-- Opening Marker --

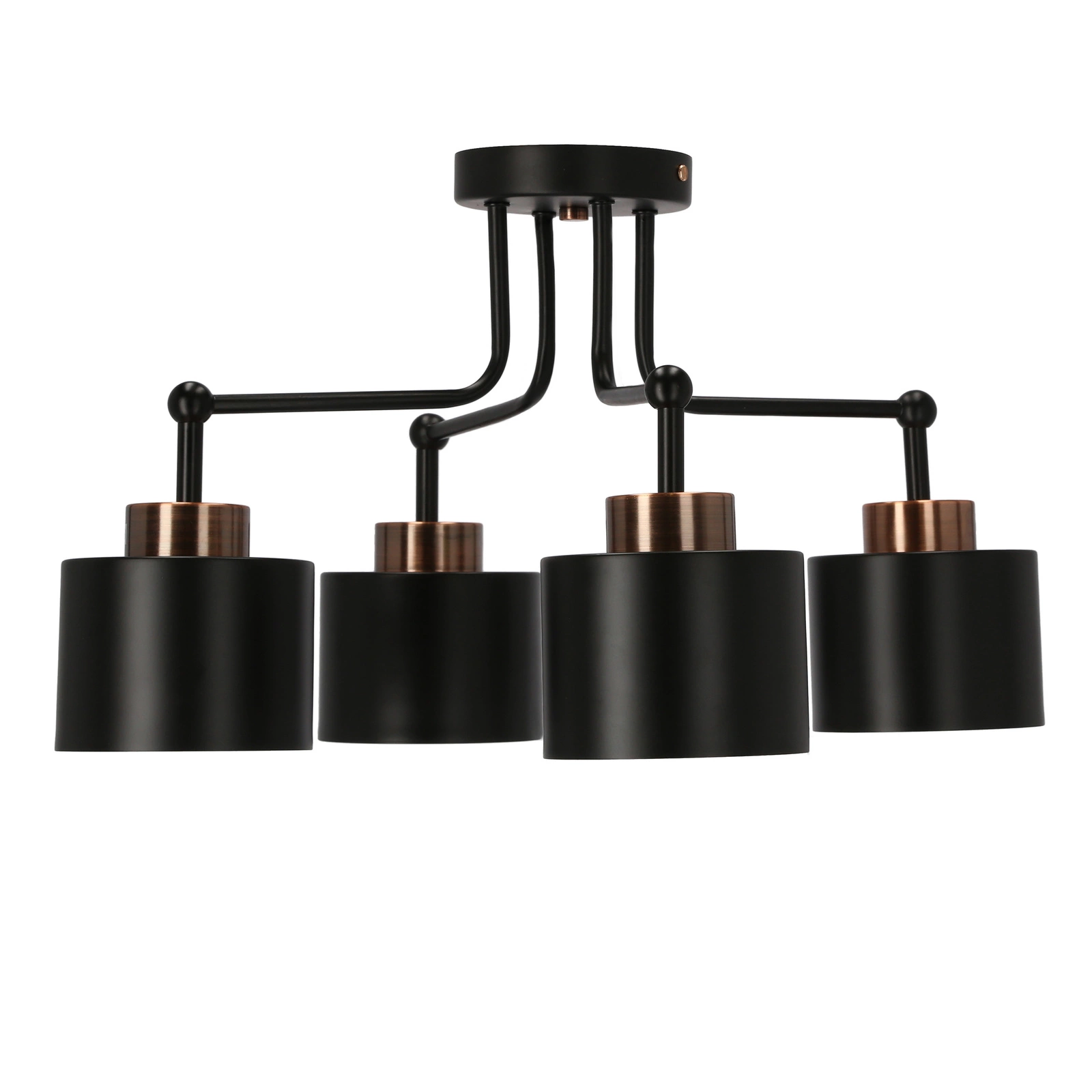Prezentujemy Państwu lampę sufitową Olena, która wyróżnia się swoim nowoczesnym i minimalistycznym designem. Czarna, matowa oprawa żarówki tworzy harmonię z miedzianymi elementami, nadając całości loftowego charakteru. Lampa posiada cztery abażury, co umożliwia rozproszenie światła w sposób równomierny i przyjemny dla oka.
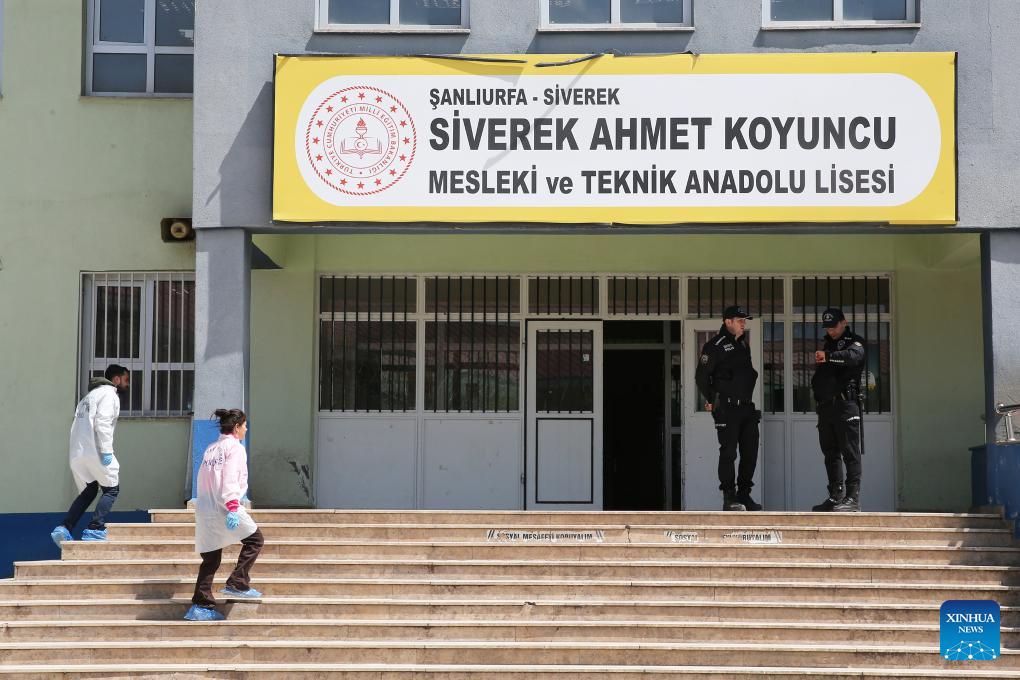 Police technicians conduct an on-site investigation following the shooting incident at the Ahmet Koyuncu Vocational and Technical Anatolian High School in the Siverek district, southeast Türkiye's Sanliurfa province, on April 14, 2026. (Photo: Xinhua)
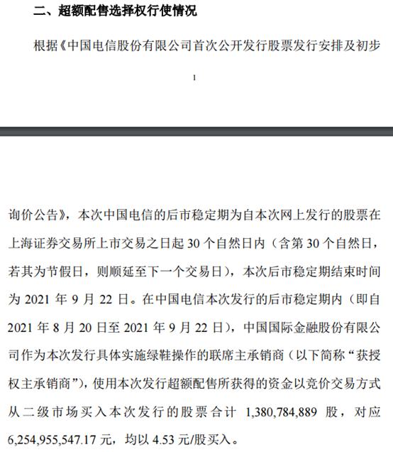 财联社(上海,编辑 陆鹿)讯,9月25日,中国电信发布公告,说明了发行人和联席主承销商行使超额配售选择权的情况,其中提到,在中国电信本次发行的后市稳定期内(即自2021年8月20日至2021年9月22日),中国国际金融股份有限公司作为本次发行具体实施绿鞋操作的联席主承销商(以下简称“获授权主承销商”),使用本次发行超额配售所获得的资金以竞价交易方式从二级市场买入本次发行的股票合计1,380,784,889股,对应6,254,955,547.17元,均以4.53元/股买入。

-- Closing Marker --

### Task goal:
Each line of the data must be restated exactly, and the pictures must be left out.

### Your solution:
Prezentujemy Państwu lampę sufitową Olena, która wyróżnia się swoim nowoczesnym i minimalistycznym designem. Czarna, matowa oprawa żarówki tworzy harmonię z miedzianymi elementami, nadając całości loftowego charakteru. Lampa posiada cztery abażury, co umożliwia rozproszenie światła w sposób równomierny i przyjemny dla oka.
 Police technicians conduct an on-site investigation following the shooting incident at the Ahmet Koyuncu Vocational and Technical Anatolian High School in the Siverek district, southeast Türkiye's Sanliurfa province, on April 14, 2026. (Photo: Xinhua)
 财联社(上海,编辑 陆鹿)讯,9月25日,中国电信发布公告,说明了发行人和联席主承销商行使超额配售选择权的情况,其中提到,在中国电信本次发行的后市稳定期内(即自2021年8月20日至2021年9月22日),中国国际金融股份有限公司作为本次发行具体实施绿鞋操作的联席主承销商(以下简称“获授权主承销商”),使用本次发行超额配售所获得的资金以竞价交易方式从二级市场买入本次发行的股票合计1,380,784,889股,对应6,254,955,547.17元,均以4.53元/股买入。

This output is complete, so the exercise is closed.